Awhile back, I saw the movie “Then She Found Me” with Colin Firth, Matt Broderick, Bette Midler, and Helen Hunt about a woman who gets dumped by her husband. This causes her world to seemingly fall apart, but it doesn’t take long before she falls in love with a man she is much better suited to be with. Of course, they are both terrified of love due to each having lost at it the first time around. The tension around their clumsy attempts at relationship creates the action of the movie.
I cherish and relate to the conversation that occurs at the end of the movie after a comedy of errors that comes precipitously close to keeping the two destined lovers apart (e.g., she sleeps with her Ex even though she doesn’t love him anymore).
She: “I will disappoint you again and again, not in THAT way. If I disappoint you in that way, I want you to leave. You would leave wouldn’t you?”
He: “Yes.”
She: “And you could leave for another reason."
He: “I won’t.”
She: “But, you could.”
He: “I won’t.”
She: “But, you could.”
He: “Yes, I could.”
She: “But, we will go ahead and try this thing.”

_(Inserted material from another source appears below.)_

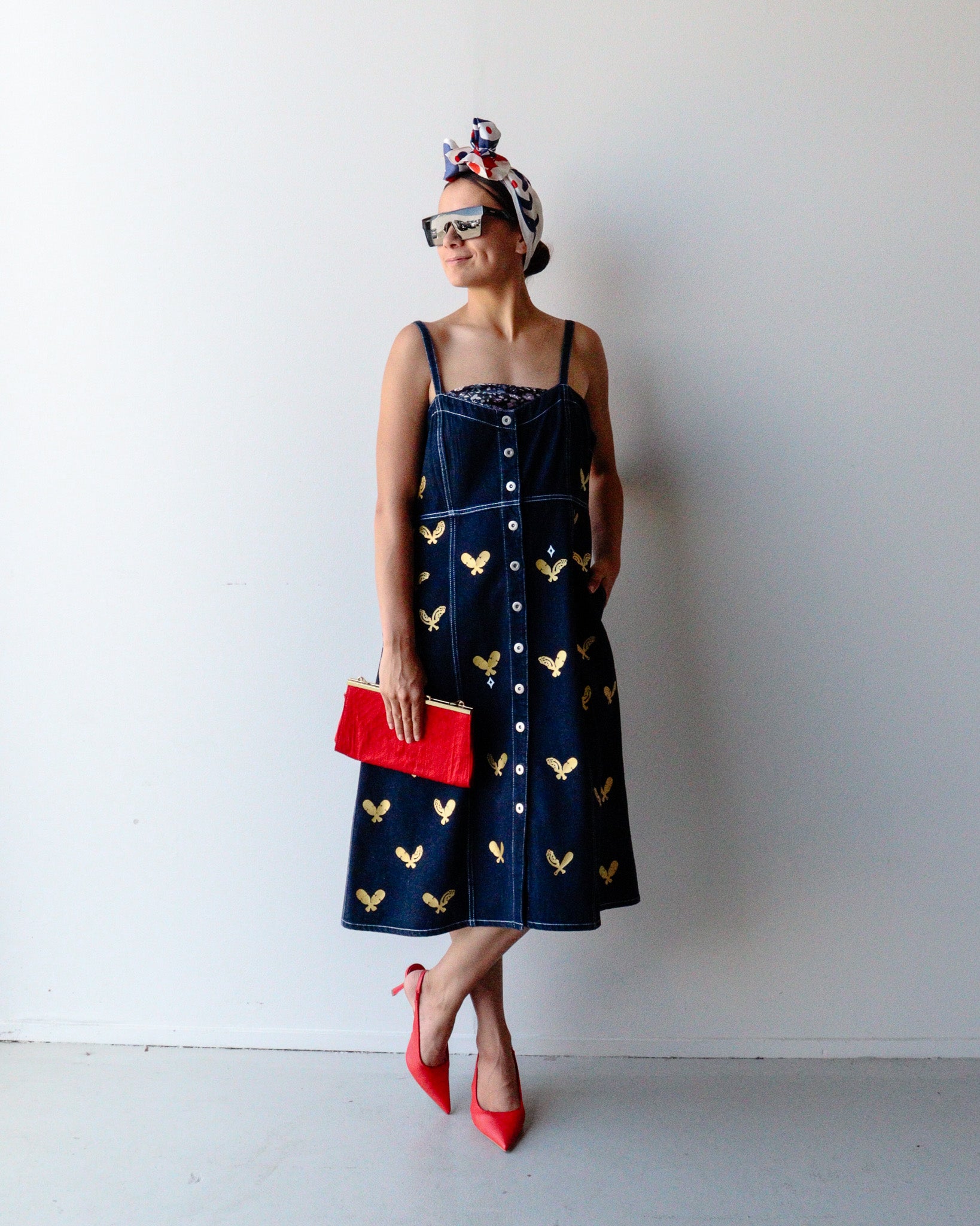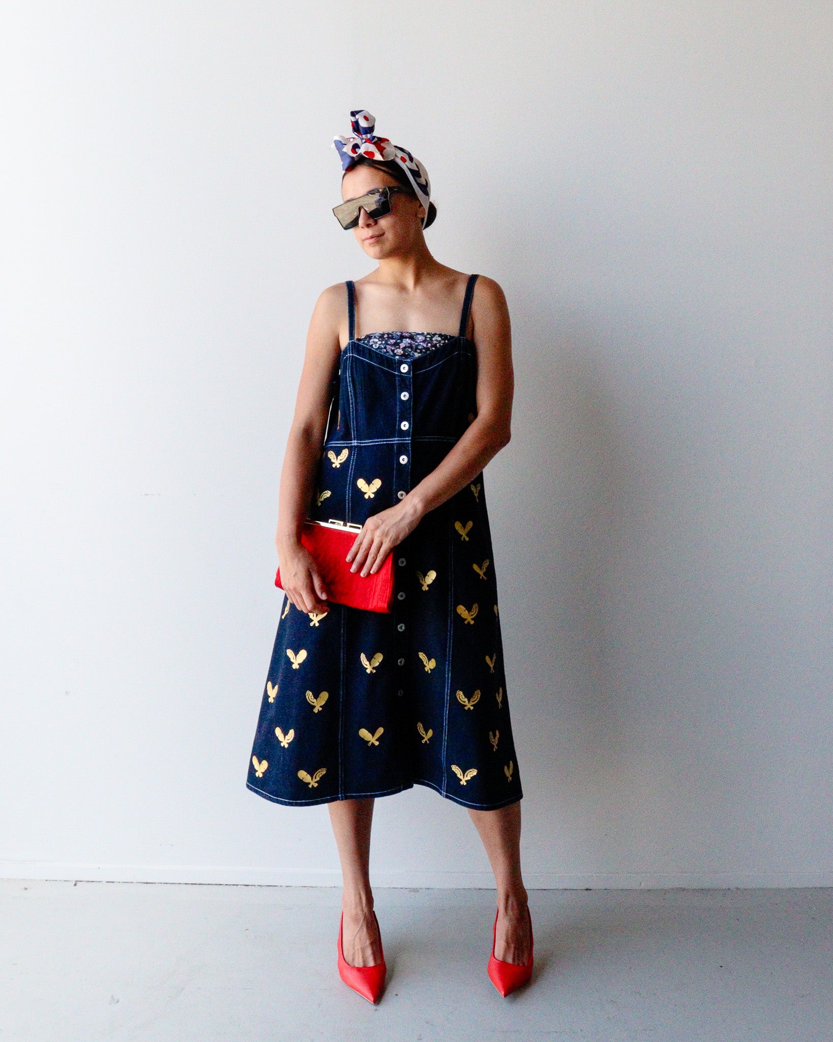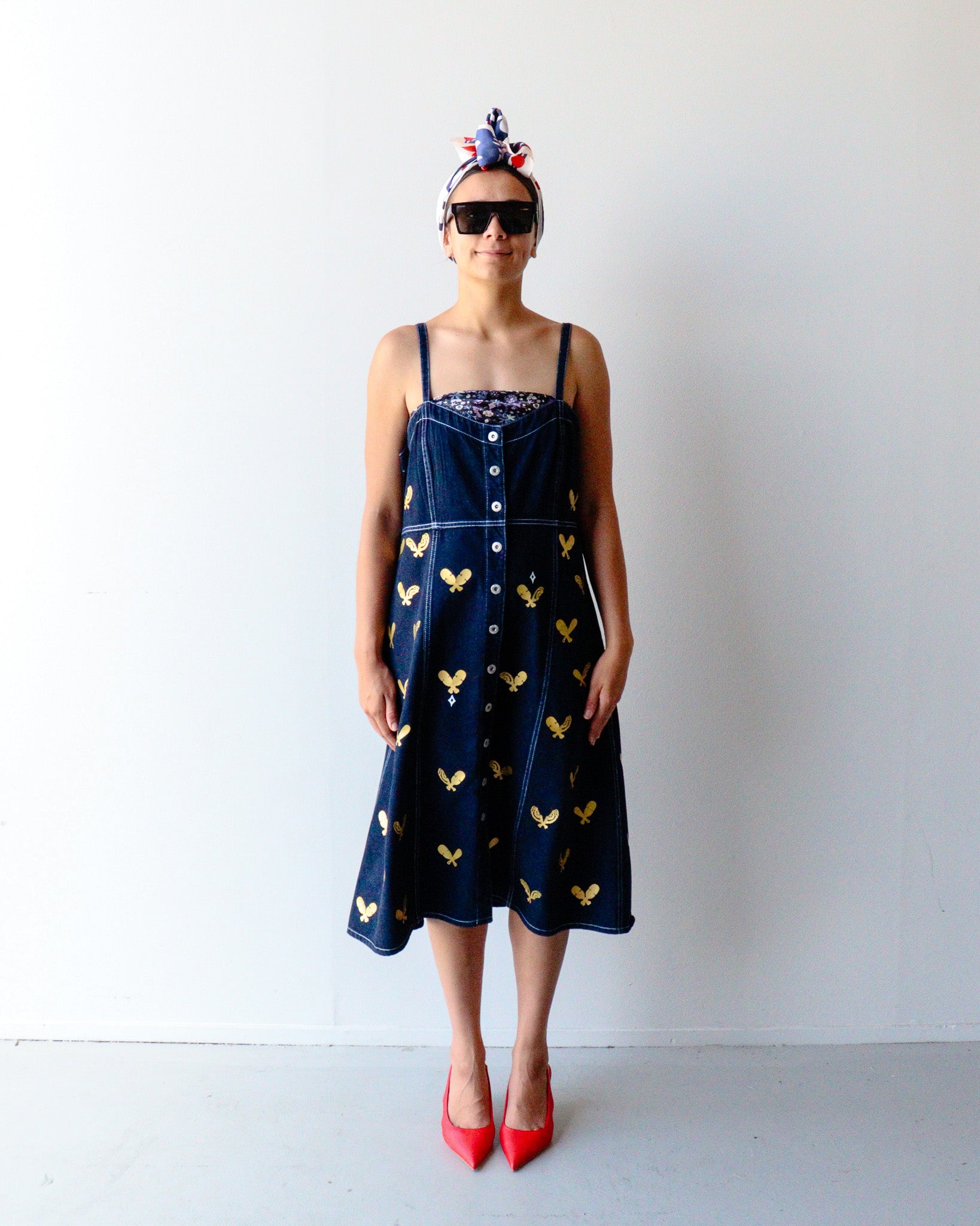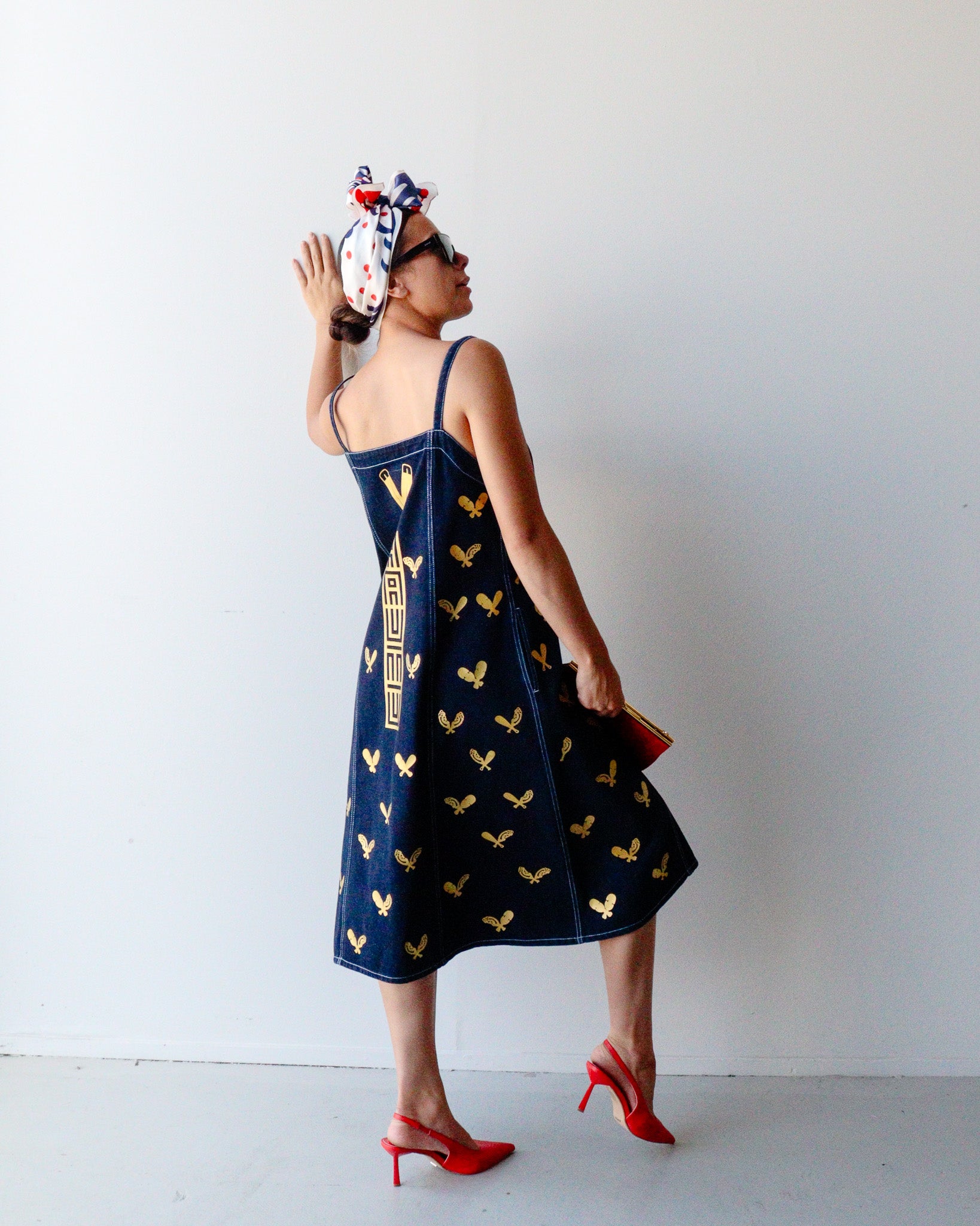 One-of-a-kind, second hand denim dress reimagined through a Māori lens and urban flair. Each piece is hand-printed and painted, telling its own indigenous narrative, no two are the same.

The above is a loose paraphrase of that conversation. Point being is that it got me thinking about the impermanence of things I’ve experienced in my own life and how we humans can’t predict the future with any final certainty, although, we love to think we can.
Oh, there was a time when I was younger…but, I would no longer be so brazen as to set my future in stone. For one thing, I've learned that my little ego isn’t smart enough to understand my Life (capital "L") from a Big Picture perspective.
I’ve also learned that when things fall apart (and they most assuredly do in the life of each person at one time or another), it is not so much about “What?” “How?” or “Why?” so much as the way we choose to deal with whatever gets thrown onto our paths that makes all the difference.
While such thoughts were still fresh in my mind; I decided to check my Facebook Wall and happened across the Status of the Awakening Women Institute:
“Each and every one of us will experience times when things fall apart. During these times, we are stripped of part of our identity. It can feel terrifying; it can feel unfair, yet these moments when our self-identity is less solid can provide a powerful initiation into a greater sense of freedom. The dismantling of identity throws us into unknown territory and into change.”
Aw, Change. It keeps the Wheel of Fortune ever turning and allows us mere mortals opportunity to experience just how creative and resourceful we can be as co-creators of this sometimes dreadful/sometimes wonderful life!